Después de la muerte de Paul, Reed registró sus pertenencias y tomó todos sus objetos de valor: su cámara, el dinero de su billetera y el equipo de senderismo caro. Envolvió el cuerpo en el saco de dormir de la víctima y lo arrastró hasta el barranco más cercano. Le tomó tres horas bajar el cuerpo y cubrirlo con rocas. Reed conocía bien la zona porque había explorado cuevas en el área años antes. No tocó el coche de Paul, esperando que fuera encontrado rápidamente y que la búsqueda se centrara en las cercanías del estacionamiento. El plan funcionó: los rescatistas buscaron al turista desaparecido dentro de un radio de 5 millas del coche, mientras que el cuerpo estaba a 12 millas en la dirección opuesta.

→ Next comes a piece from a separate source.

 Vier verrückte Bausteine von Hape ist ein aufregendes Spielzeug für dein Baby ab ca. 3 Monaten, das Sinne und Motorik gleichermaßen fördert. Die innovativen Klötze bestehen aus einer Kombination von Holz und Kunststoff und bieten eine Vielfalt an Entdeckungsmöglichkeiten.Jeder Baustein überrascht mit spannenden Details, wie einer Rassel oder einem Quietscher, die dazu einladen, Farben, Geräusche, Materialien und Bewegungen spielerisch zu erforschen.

Reed gastó los $780 de la billetera de Paul en nuevo equipo en tiendas locales. Planeaba vender la cámara y otros objetos de valor unos meses después, cuando el revuelo por la desaparición hubiera disminuido. Sin embargo, el miedo a ser descubierto lo obligó a esconder las pruebas en su remolque y nunca volver a usarlas. El juicio de Samuel Reed comenzó en marzo de 2017 en el Tribunal de Distrito del Condado de Grand. La fiscalía, representada por el fiscal del estado de Utah, Michael Davis, presentó pruebas contundentes: huellas dactilares en latas, ADN en el saco de dormir, fotos de la cámara de la víctima y equipo de camping encontrado en la casa del sospechoso. La defensa intentó sembrar dudas sobre la fiabilidad de las pruebas, argumentando que podrían haber sido plantadas o mal interpretadas, pero las grabaciones de video de los interrogatorios demostraron que la confesión de Reed no fue obtenida bajo presión.

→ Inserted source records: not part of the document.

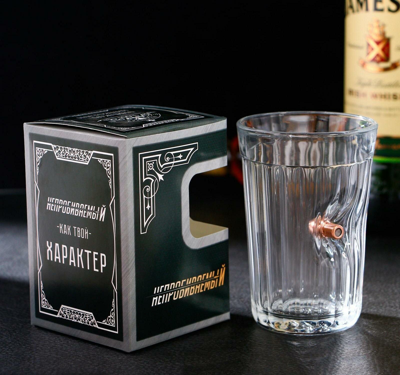 Стакан подарочный, бокал с пулей для пива "Непробиваемый Характер" граненый, 250 мл
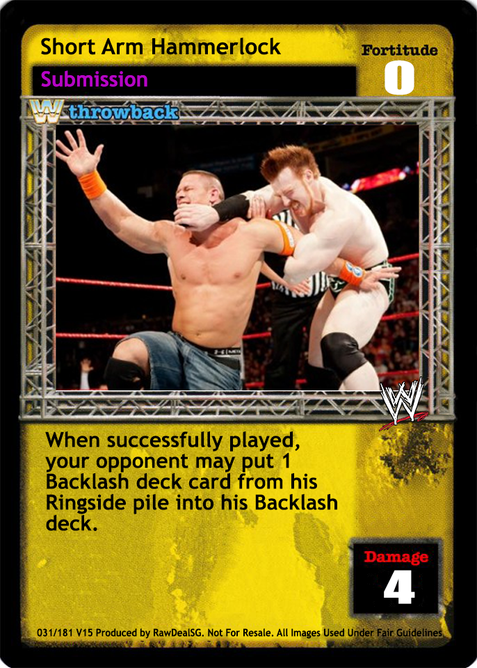 When successfully played, your opponent may put 1 Backlash deck card from his Ringside pile into his Backlash deck.
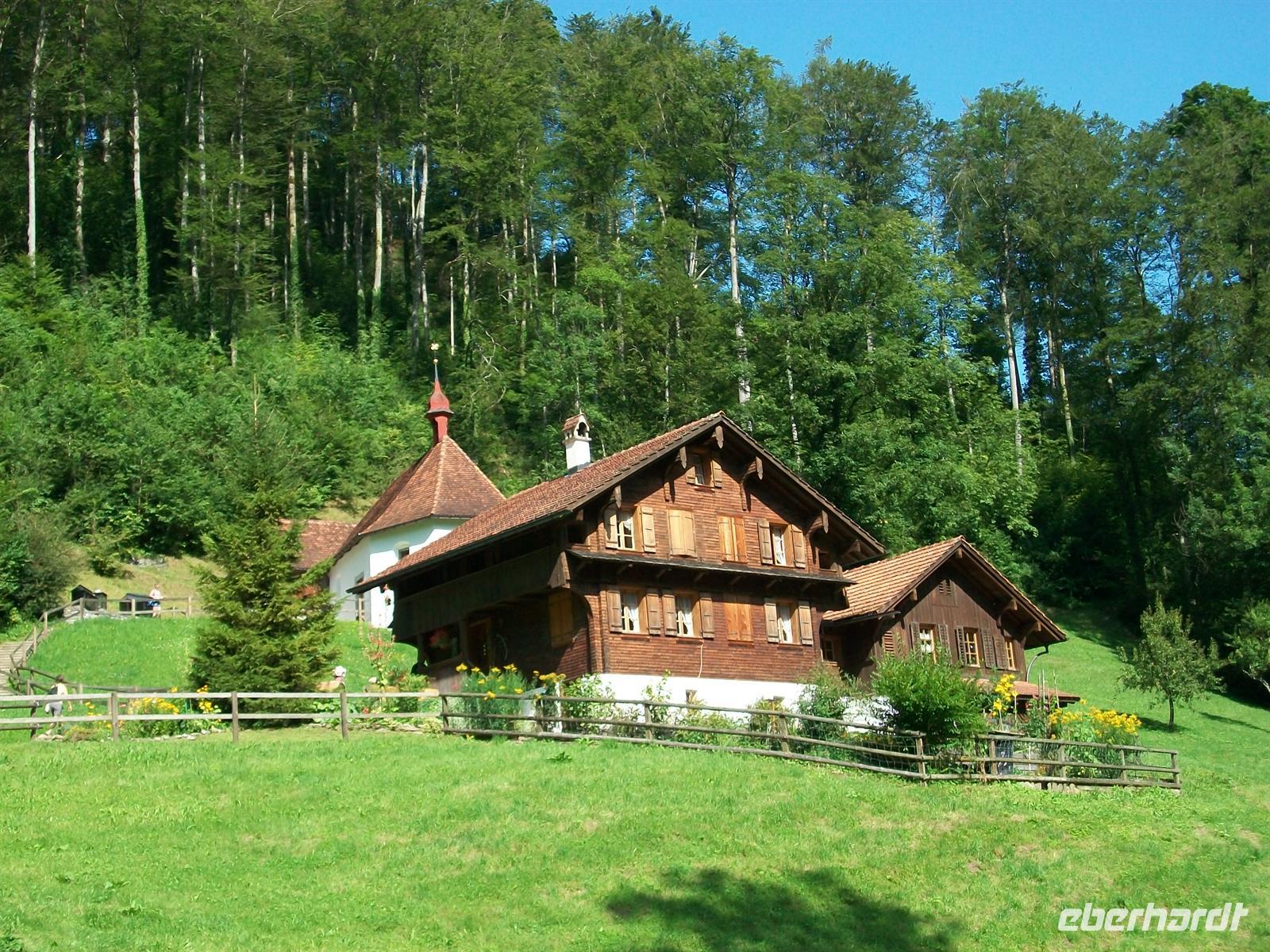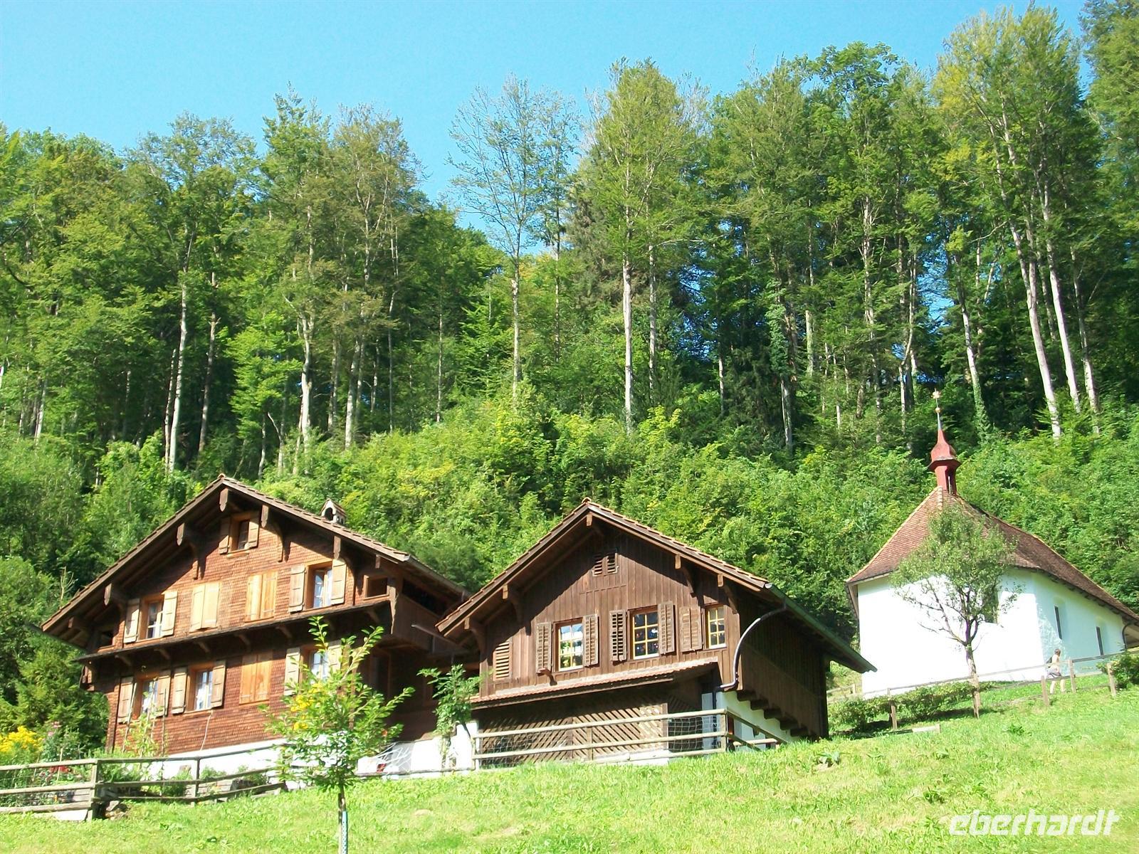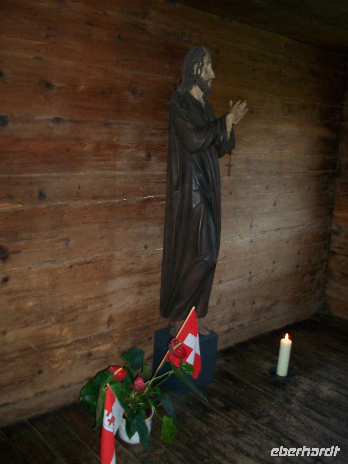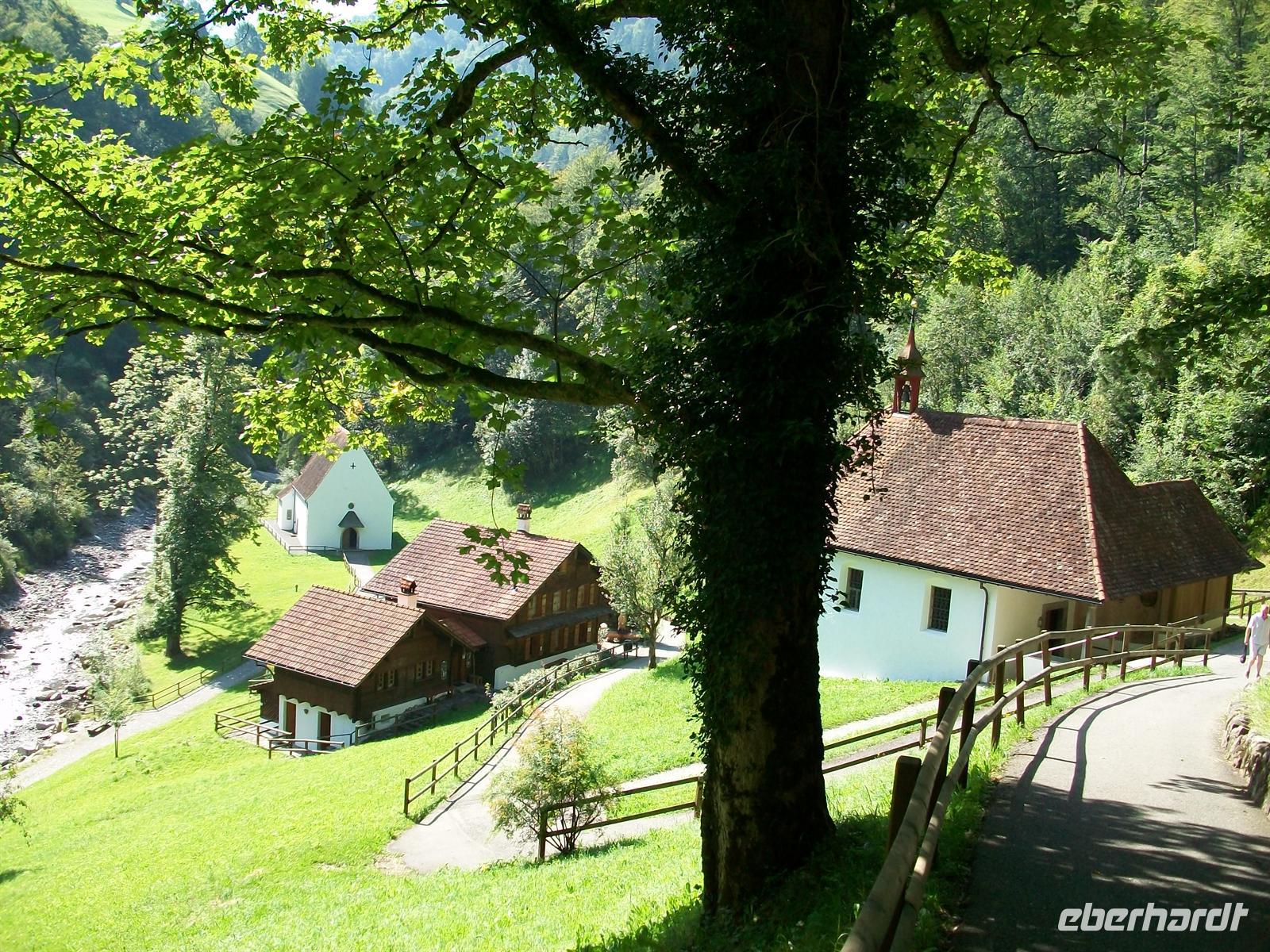 Diese Erzählung berührt uns doch, mit diesem Wissen ausgestattet sind wir nun auf dem Weg den letzten Punkt unserer Wanderung aufzusuchen: die Einsiedelei von Klaus, einfach Ranft genannt. Der Weg führt und abwärts ins Melchtal. Bald sind wir im Schatten der Bäume untergetaucht von unten hören wir das Rauschen des kleinen Flusses und sehen auch die wenigen Gebäude. Die Einsiedelei ist ein einfaches Holzhaus, das Leben von Klaus war ein sehr asketisches. Die letzten zwanzig Jahres seines Lebens verbrachte er hier; wir sehen die kleine Holzöffnung in der Wand von der aus er so manchen guten Rat erteilte und durch seine Empfehlungen gar einen Krieg verhinderte. Diese Einsiedelei ist das Zentrum der Wallfahrer heute und viele haben hier zu Bruder Klaus gebetet. Viele Votivtafeln mit dem Dank an ihn zeugen von seiner Hilfe.

El jurado deliberó durante dos días y encontró a Samuel Reed culpable de asesinato en primer grado con circunstancias agravantes: asesinato en el curso de un robo. La jueza Elizabeth Connor lo sentenció a cadena perpetua sin posibilidad de libertad condicional, destacando la particular crueldad del crimen y el cinismo del perpetrador, quien explotó la confianza de la víctima para llevar a cabo el ataque. Los padres de Paul Hansen, presentes en la sala, emitieron un comunicado agradeciendo a los investigadores por su persistencia en buscar la verdad. Reed apeló ante la Corte Suprema de Utah, pero en 2018 la apelación fue denegada. Actualmente cumple su sentencia en una prisión de máxima seguridad en Draper, Utah, donde trabaja en la biblioteca y estudia derecho, buscando formas de apelar su condena.

El caso de Paul Hansen ha sido estudiado por las agencias de aplicación de la ley de Utah como un ejemplo de la importancia de preservar pruebas físicas y utilizar nuevas técnicas forenses. Un descubrimiento fortuito por parte de espeleólogos seis años después de la desaparición demostró que incluso los crímenes más cuidadosamente ocultos pueden resolverse gracias a la persistencia de los investigadores y la tecnología moderna. La historia de Paul Hansen es un recordatorio sombrío de los peligros que acechan en los lugares más remotos y bellos, y de cómo la justicia, aunque tarde, puede llegar a iluminar las sombras más oscuras.